Christmas time
Over the next week, JellyBread will be taking a tangential break to bring you a festive interlude. A Winterlude, if you will. And in this Winterlude we’ll be taking a look at some Christmas stories dug from the corners of the Christmas past of a few of our characters from the main narrative. So, with this in mind they might be unusual Christmas stories, or even subversive ones, but they are definitely Christmas stories.
Here’s what you have to look forward to, and what you can look forward to not having to look forward to.
I would love to have a story for you of a kid who made good, who maybe doesn’t come from such a wealthy or healthy family home background life and through the powers of the Christmas spirit is somehow given a chance at a better future, I really would, or perhaps the story of the other characters in that kid’s backstory, ones that are lost and mean and have wizened blackened cores and long ago have given up hope and some Christmas event – a miracle perhaps – a Christmas miracle (reflect… inane smile to the middle distance… back in the room) – sorts them out, realigns them, reminds them that they were once a good person and an ember in their forgotten centre builds to something and by god if they don’t do something good and the kid, the one from earlier, gets everything they want (which isn’t much, because poverty of both ambition and material items has taught them the greatest Christmas gift of all: humility). I would love this to be a story about redemption or stepping into the light or finding out Santa Claus is real after all, I really would, but it’s not.

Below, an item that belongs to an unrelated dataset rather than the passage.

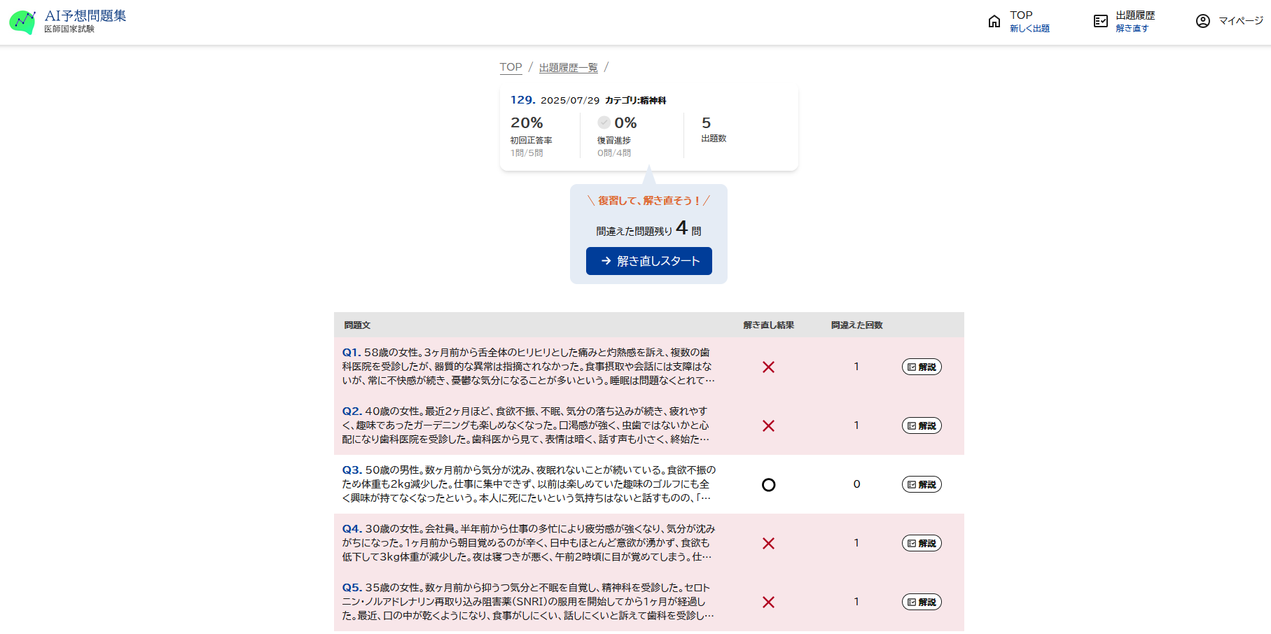 できるまで徹底復習 出題された問題はすべて保存されます。 間違えた問題は後から何度でも復習可能です。

For a start, it’s three stories we have here, and they’re all true, and nobody sees a flying reindeer or falls in love with an elf or even takes a sabbatical from their job in the city to return the small town from whence they sprung only to find themselves entangled in saving the family saw mill while falling hard for the local handyman/person (thank you for that evergreen plot line, Hallmark). No, not even that.
What this (these) story(ies) are… what they represent… what they say… is that Christmas is a time of reflection, of family, of tradition… yes it is all those things… but it is also, if not primarily, a time of alcohol, of falling over, and of the building of half-memories around alcohol-induced falling over. And it is also a time of childhood (mild) trauma that is very difficult to shake, and if those traumas do not destroy us or make us stronger, they give us stories to be told every year.
In the first story , Oink Oink Oink!, a child learns a harsh Christmas lesson and vows to make his tormenters learn their own. In the second story, Christmas Fuck, we see how a fight in a car park can teach us the true meaning of Christmas anecdotes. And finally, in The Loneliness of Not Knowing How To Leave a Party, we see how childhood Christmas trauma can be found in the places you least expect it.